Task → Output the data in full. Keep every word exact and exclude the pictures.

Data extract →
****************

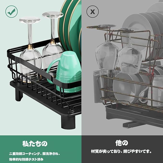 【プレミアム品質と耐久性】高品質の素材で作られた食器ラックは耐久性に優れています。日常の使用に耐え、錆びにくく、長持ちします。
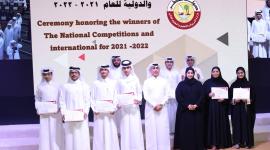 كرمت وزارة التربية والتعليم والتعليم العالي، بالتعاون مع الصندوق القطري لرعاية البحث العلمي التابع لمجلس قطر للبحوث والتطوير والابتكار اليوم، الشركاء والجهات الداعمة الفائزة بمسابقة البحث العلمي والاب
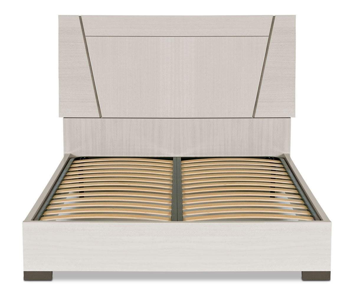 Elegant angles define the Monchiaro bed and create an instant focal point in your bedroom. The platform style bed and high headboard are constructed of a high-gloss, light grey koto wood veneer that will transform you room into an elegant oasis.Queen bed pictured.

****************

Response to the task →
 【プレミアム品質と耐久性】高品質の素材で作られた食器ラックは耐久性に優れています。日常の使用に耐え、錆びにくく、長持ちします。
 كرمت وزارة التربية والتعليم والتعليم العالي، بالتعاون مع الصندوق القطري لرعاية البحث العلمي التابع لمجلس قطر للبحوث والتطوير والابتكار اليوم، الشركاء والجهات الداعمة الفائزة بمسابقة البحث العلمي والاب
 Elegant angles define the Monchiaro bed and create an instant focal point in your bedroom. The platform style bed and high headboard are constructed of a high-gloss, light grey koto wood veneer that will transform you room into an elegant oasis.Queen bed pictured.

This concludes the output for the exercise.